Saturday, April 01, 2017

Artnotes: Uncivilized

 Lemons in Black Beret   Laurie Fox Pessemier   Acrylic/canvas  12 x 12"  30 x 30cm
 Lavender  Laurie Fox Pessemier   Acrylic/canvas   12 x 10  30 x 25cm
 Trees in Flower Marano   Blair Pessemier   Acrylic/canvas     12 x 20"   30 x 50cm


Forget-me-nots   Laurie Fox Pessemier   Acrylic/canvas  8 x 20  20 x 50cm

 By the Panaro River in March   Laurie Fox Pessemier   Acrylic/canvas  10 x 20"  25 x 50cm

In Blossom   Laurie Fox Pessemier   Acrylic/canvas   10 x 20"  25 x 50cm

I am sitting in my sunny yard at 3:16 in the afternoon, listening to the children in the grammar school sing songs, accompanied by a piano and castanets.  Life doesn’t get much better.    My trees are growing.  The grass is cut.  

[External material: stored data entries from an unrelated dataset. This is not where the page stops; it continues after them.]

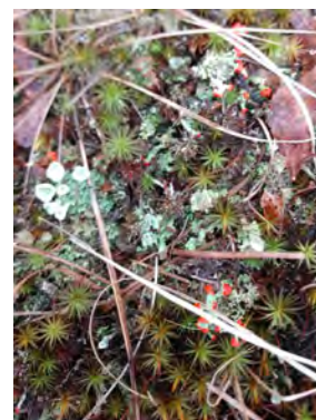
Pixie cups and British soldier lichens
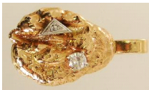
Lot # 512
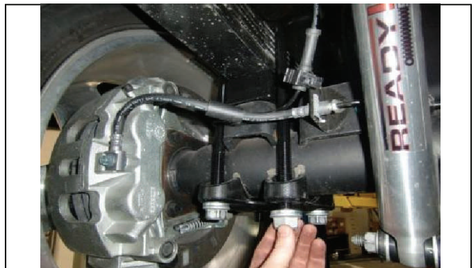
Install new longer u-bolts and install new hardware,
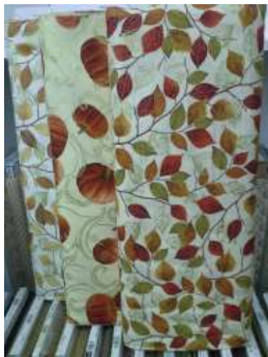
Home for the Holidays by Red Rooster
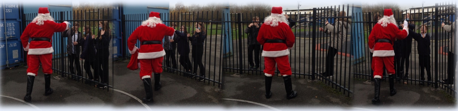
Some of our students had a surprise visit— Santa visited Nursery and said hello to a few high school students who were in the playground.

Students from Stellar have organised and implemented group led projects in Environmental studies. One of the groups was successful in receiving funding for recycling bins for plastic. These bins are now being used around the school building. Another group came up with the idea of purchasing refillable water bottles and selling them to pupils in school to raise money for Sea Turtles. These bottles will soon be on sale for pupils to purchase and will also help reduce plastic waste.
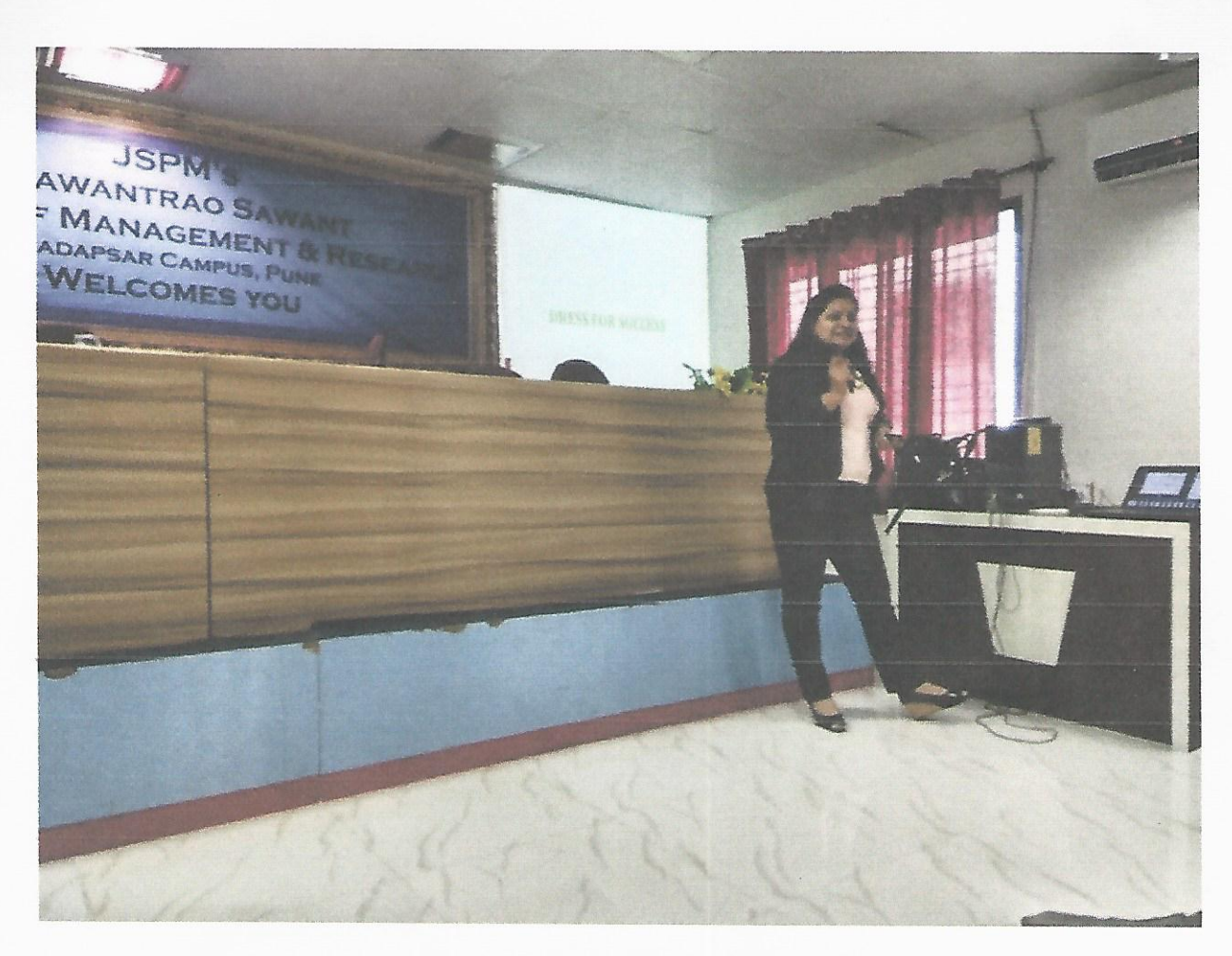
Career counseling session in progress
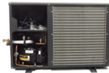
DS025/WGS40 Condensing unit with easy-access cover

*Condensing unit is patented US Patent No. D791294 EU Patent No. 003189349-0001
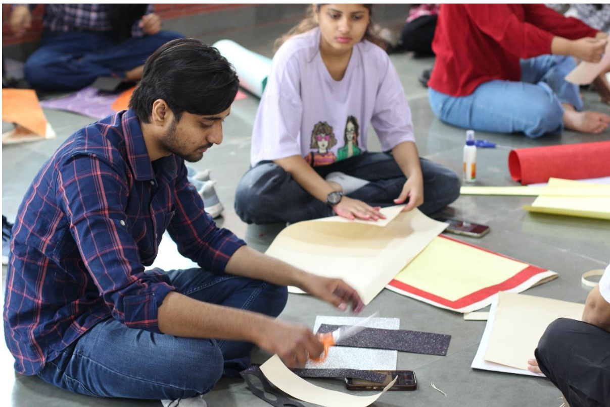
Figure-Error! No text of specified style in document.-2 Participant with their group mate working on the card making
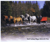
Draft Trailway Wagon Bed on Air Tires
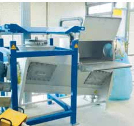
Combined sack/Big Bag Discharger
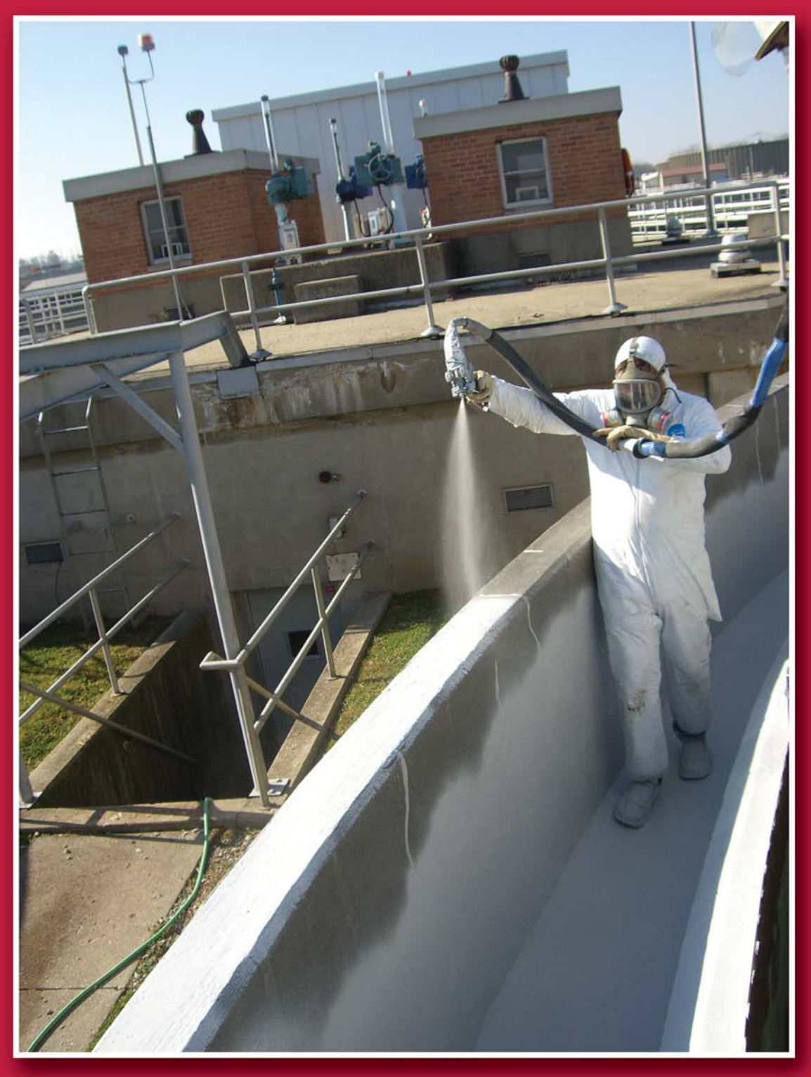
Pure Polyurea coating applied to secondary containment at a water treatment facility
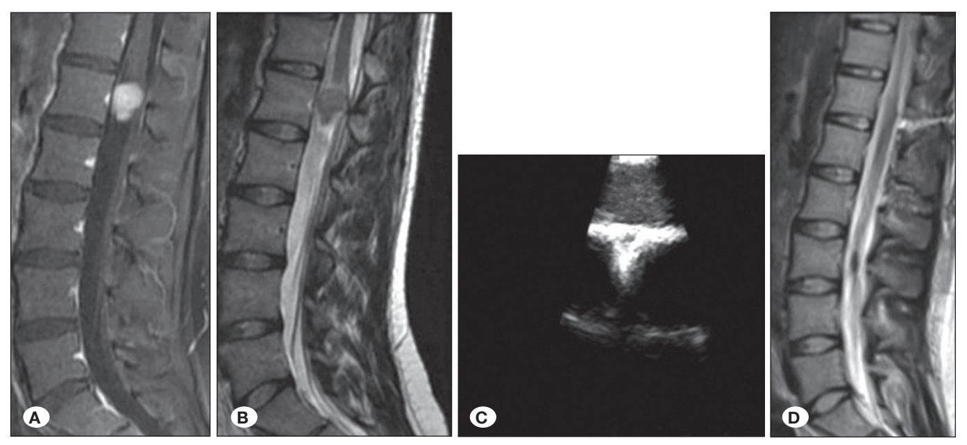
Figure 2: Sagittal T1W contrast enhanced (A) and T2W (B) MRI images of a case with L1 meningioma, C) IOUSG image of the case, D) postoperative sagittal T2W MRI image.
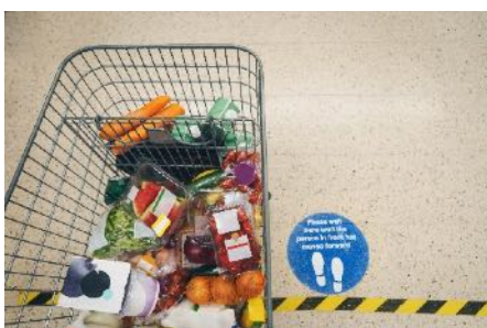
Signage to promote social distancing measures

We bought a push lawn mower which is a constant source of entertainment to the Italians in the neighborhood.  As the fellow at the store says, only Americans and Germans buy these. 

I sit here working on this travel book – too many words, no structure.  Oh well.   I am going to the beach next week with Harika to finish it.  Blair is going to the US to pack up an art show for North Carolina.  We are holing up in a studio in Rimini. 

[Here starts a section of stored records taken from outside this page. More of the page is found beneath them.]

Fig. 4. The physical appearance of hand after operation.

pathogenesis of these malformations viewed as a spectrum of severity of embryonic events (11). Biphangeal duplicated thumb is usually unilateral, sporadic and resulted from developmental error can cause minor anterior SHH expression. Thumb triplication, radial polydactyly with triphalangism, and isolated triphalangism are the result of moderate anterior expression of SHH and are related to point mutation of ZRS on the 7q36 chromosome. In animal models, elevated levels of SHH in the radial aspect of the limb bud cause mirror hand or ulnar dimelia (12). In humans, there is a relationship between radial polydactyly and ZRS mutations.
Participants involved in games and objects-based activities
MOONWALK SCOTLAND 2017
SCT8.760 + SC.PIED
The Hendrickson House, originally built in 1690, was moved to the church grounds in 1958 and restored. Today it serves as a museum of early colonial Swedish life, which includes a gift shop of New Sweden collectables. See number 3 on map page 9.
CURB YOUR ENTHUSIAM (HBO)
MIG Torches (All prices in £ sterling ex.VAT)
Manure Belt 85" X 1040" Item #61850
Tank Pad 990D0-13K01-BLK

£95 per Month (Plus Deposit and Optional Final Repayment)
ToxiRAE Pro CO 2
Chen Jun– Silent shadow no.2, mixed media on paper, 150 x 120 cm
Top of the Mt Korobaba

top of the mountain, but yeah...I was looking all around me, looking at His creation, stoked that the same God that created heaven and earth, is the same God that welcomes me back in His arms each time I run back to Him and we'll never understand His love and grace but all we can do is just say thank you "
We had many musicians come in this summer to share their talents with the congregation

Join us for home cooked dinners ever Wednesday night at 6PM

Do those kids know how romantic they are?  How magical?  Probably not.  Kids are just naturally that way.  Always busy, mostly fun, and ever so non-self-conscious. That’s it, isn’t it?  It’s when we start trying to make an impression, to behave, to act civilized we get in trouble.  Without too much civilizing, we can be spontaneous and happy.   Like my dog, Harika.  I am sorry she has no frontal lobe, and no opposable thumb, but maybe in the case of the frontal lobe she is better off.

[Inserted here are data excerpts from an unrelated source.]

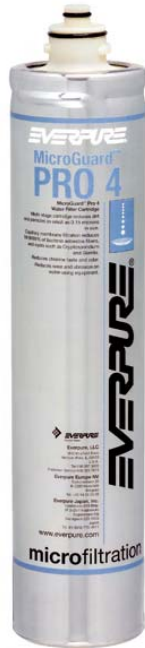
MicroGuard™ Pro 4 Replacement Cartridge: EV9637-02

Delivers premium quality drinking water for bottleless coolers and drinking fountains
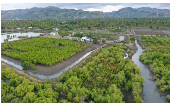
Figure 5. Drone view of the surrounding areas
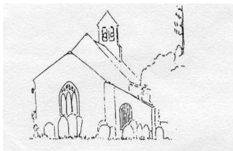
All Saints, Hawnby
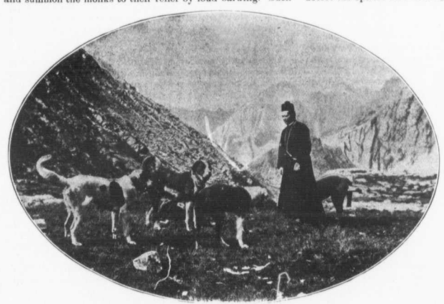
THE REAL ST. BERNARD DOGS

The popular idea of the St. Bernard dogs and their work, as gained from old books of travel, is that they wander about on the mountains, alone or in couples, searching for lost travellers and bearing cordials and wraps with which to relieve them; that they scrape away the snow from those who are almost buried, restore them to consciousness by licking the hands and faces and warming them with their bodies, and summon the monks to their relief by loud barking. Such
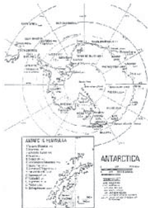
Fig. 2: Map of Antarctica and South Pole

temperature minus 88.3°C has been recorded in Antarctica and violent snowstorms with winds of over 250 km per hour speed are very frequent in this icy desert. It is the coldest and the windiest continent.
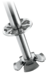
CAC123 Butterfly Agitator (6 pack)
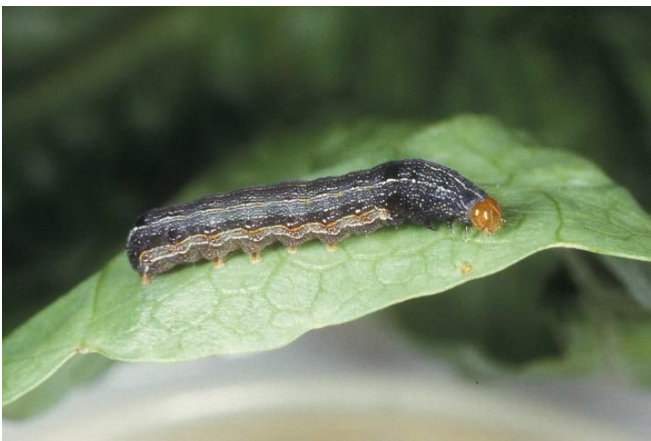
Figure 4. Late instar larva (dark form) of the southern armyworm, Spodoptera eridania (Stoll).
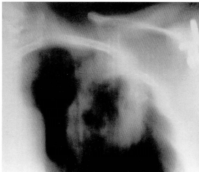
Fig. 2. Tomogram demonstrates the left-upper-lobe cavitating infiltrate in a 50-year-old woman who was taking steroids.

aspergillosis. Ramsay et al, 41 who reviewed 272 renal transplant patients with fever and pulmonary infiltrates, suggested that a relatively well-preserved arterial \text{PaO}_2 on room air, despite extreme involvement demonstrated radiographically, might indicate the presence of fungal or Nocardial disease. Blood cultures, even in disseminated disease, are almost always negative. 1,6,35,36,47 In 7 patients with cardiac aspergillosis reported by Young et al, 1 none had positive blood cultures, either antemortem or postmortem. The chest radiograph is abnormal in 75% to 100% of patients with invasive pulmonary aspergillosis. In its earliest phase, aspergillary bronchitis produces no radiographic signs. Single or multiple nodules (approximately 1–3 cm in diameter) appear as the disease progresses. These nodules correspond to histopathologic target lesions. The chest radiograph may show the following: 37
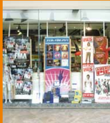
Set-up of shop windows with large digital prints

It’s taken on the sense of a carnival up there at the school.  There seems to be a xylophone, and a drum, too.  Clapping; in rhythm.   The birds are singing.  I heard the cuckoo, a certain sign of spring, this week.

 I’ll go take a look with Harika in a few minutes.  I want to be one of them, but not the teacher.  Like parents, those authority figures can be the dream killers.   Italy is not as bad as some places we’ve lived, or maybe Italian kids are inherently immune.

Like art – ask any kid if they can paint, and they say “yes!”  Even as a professional painting grownup, I doubt myself.  


It’s taken me years to eliminate the tendency to make all trees brown.    If I were a tree, would I want to be brown?  I mean, is brown anyone’s favorite color?  OK, there are some acceptable browns:  curry, maybe, or amber.  In any case, if I were a tree I’d want to be red.  Green leaves are fine.  But they can lean toward turquoise or purple.